“The...facts of poverty...concern all Americans. They concern your future and your family’s future. Crime, delinquency, violence, idleness, dependency and unemployment cost us billions each year. They menace each of us and they are a reproach to our conscience.”
Our Quote of the Week reminds us that many of the societal fears, concerns, and costs that we deal with are rooted in the fact that we allow poverty to persist. Whether we ourselves have ever had to deal with economic insecurity or not, poverty has a destructive impact on all of us.
On August 18, 1964, two days before President Johnson signed the Economic Opportunity Act into law, Sargent Shriver spoke these words before the Democratic Platform Committee. As the presumptive Director of the Office of Economic Opportunity (OEO), he and his team had worked for months to design a series of programs that could address the causes and effects of poverty for people at all stages of life. As part of this effort Shriver and his team set out to fully define poverty. They determined that:
- Poverty afflicts people all over America.
- People living in poverty are not responsible for the conditions in which they find themselves.
- Poverty affects some populations -- people of color, women, children, people with disabilities -- more acutely than others.

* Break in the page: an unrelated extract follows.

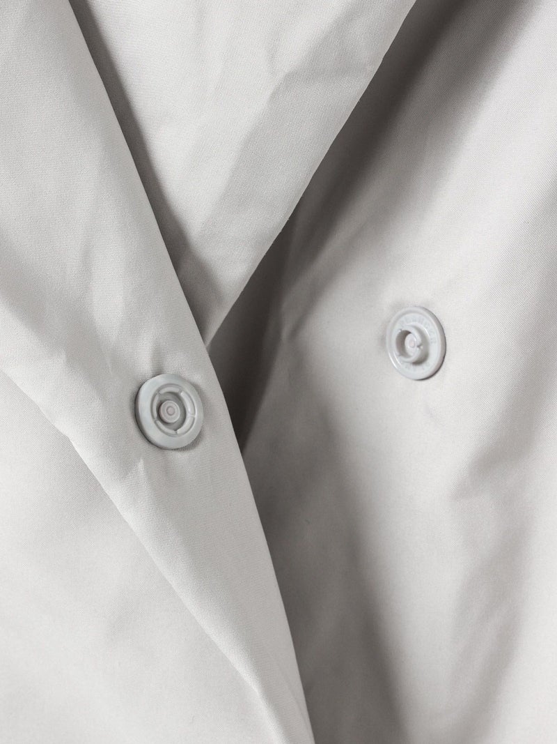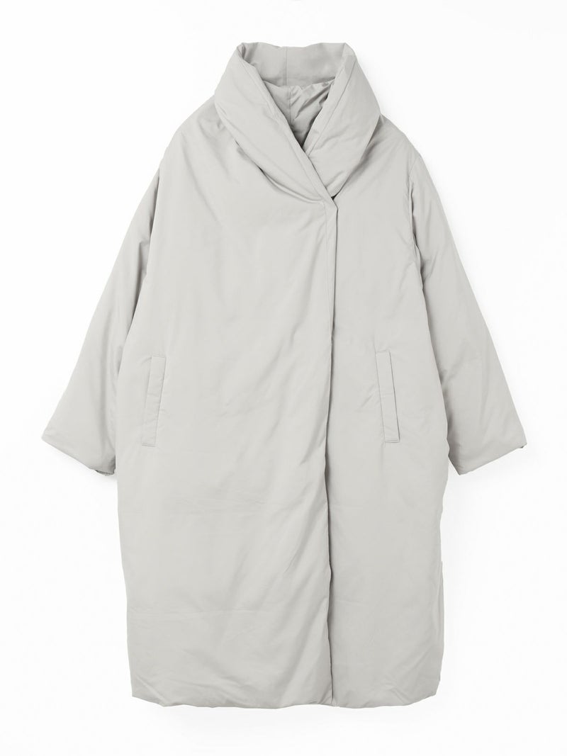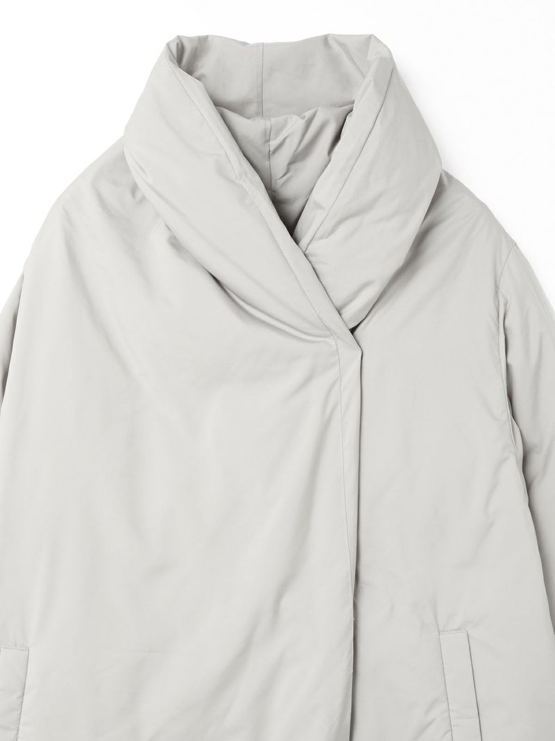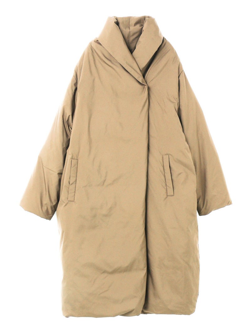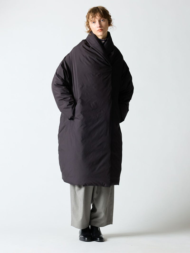寒い冬の季節に温かく身を包んでくれる大人のドレープロングダウンです。マットなウォーム感のある光沢とタッチ、軽さと暖かさを兼ね備えたシックな雰囲気が印象的で、色々なコーディネートによく合う1枚。スナップボタンなので悴んだ指先でも留めやすい仕様になっています。マフラー無しでも首元を暖かく覆ってくれるかっこいいデザインが特徴。mizuiro indの定番となった人気の1枚です。

- Poverty is extremely difficult to escape, and is therefore often generational.
- Poverty is defined by a lack of financial means, but it’s defined by much more than that. It is also a lack of opportunity, a lack of self-determination, a lack of equity, and a lack of justice.
These facts allowed Shriver and his team to define poverty in a more expansive way than had been done in the past. They understood, for example, that to alleviate poverty one must provide a variety of services: for education, health care, employment, personal and professional development, legal services, and community support. And they then attempted to design programs that would deliver such services on a large scale.

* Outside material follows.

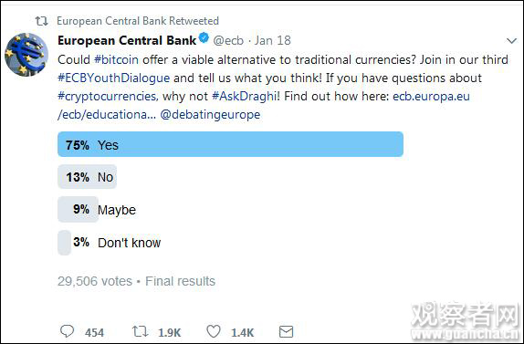 加密货币在过去一年大幅上涨,已经引起了各国央行的高度关注。我国已在去年酝酿推出法定数字货币;据中金网消息,欧洲央行也在本月较早时候,征求推特用户关于“比特币能否成为传统货币的替代品?”的意见。截止30日,有75%的参与调查者选择了“是”。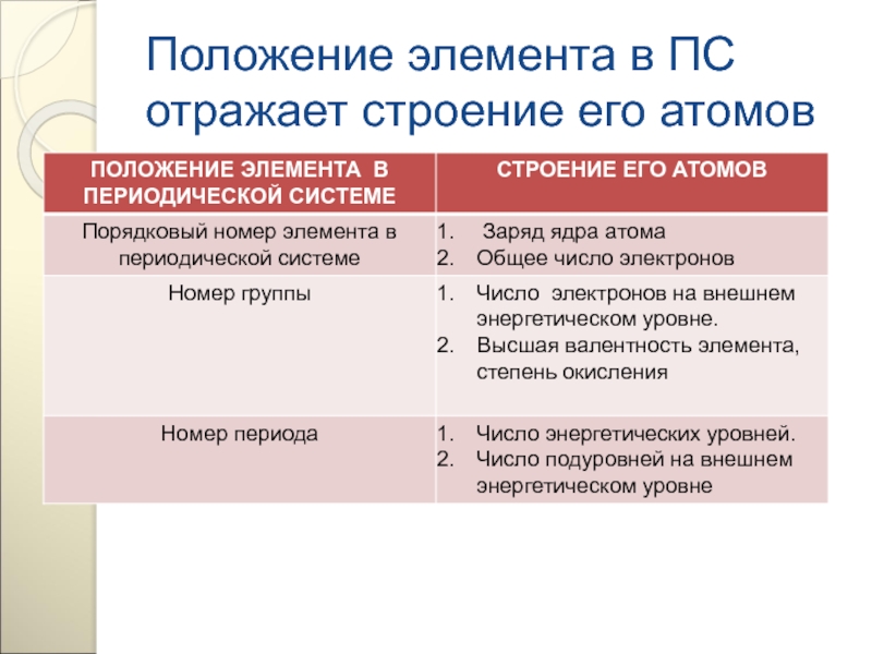 Слайд 216Положение элемента в ПС отражает строение его атомов

During the speech, Shriver said: “The Economic Opportunity Act of 1964, just passed by Congress, is [...] a practical and economic effort, carefully focused to get at the root causes of poverty in the United States. It is not a program of handouts. It seeks to eliminate poverty by providing opportunities for work and education and training.”

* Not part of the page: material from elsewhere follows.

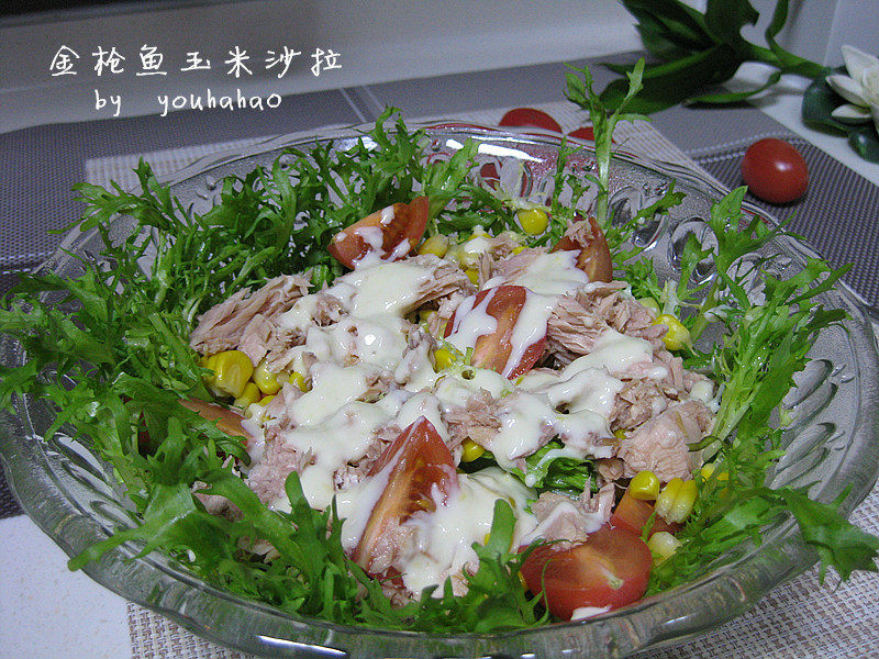 水浸金枪鱼罐头一个180克;甜玉米粒60克;苦菊半棵;生菜半棵;圣女果6个;

Central to the design of the programs was the concept of “community action,” i.e., the notion that self-determination could be nurtured in community members if they had the resources and opportunities to solve local challenges on their own terms. Over the following four years, the OEO, under Sargent Shriver, would bring these programs to life. And, although the OEO would be diminished over the following years and then disbanded in 1981, most of its programs, including Head Start, Community Action, Job Corps, Volunteers in Service to America (VISTA, now known Americorps Vista), Legal Services, Upward Bound, and Foster Grandparents, continue to exist today, supporting and empowering Americans who are living in poverty.
The approach of the War on Poverty, and the overall strategy behind President Johnson’s Great Society, indicate that we can alleviate poverty if we address its causes as well as its effects. But we must once again find the will to tackle it as we did in 1964, with ambition and with the intent to bring opportunity, equity, and justice to each and every member of our society.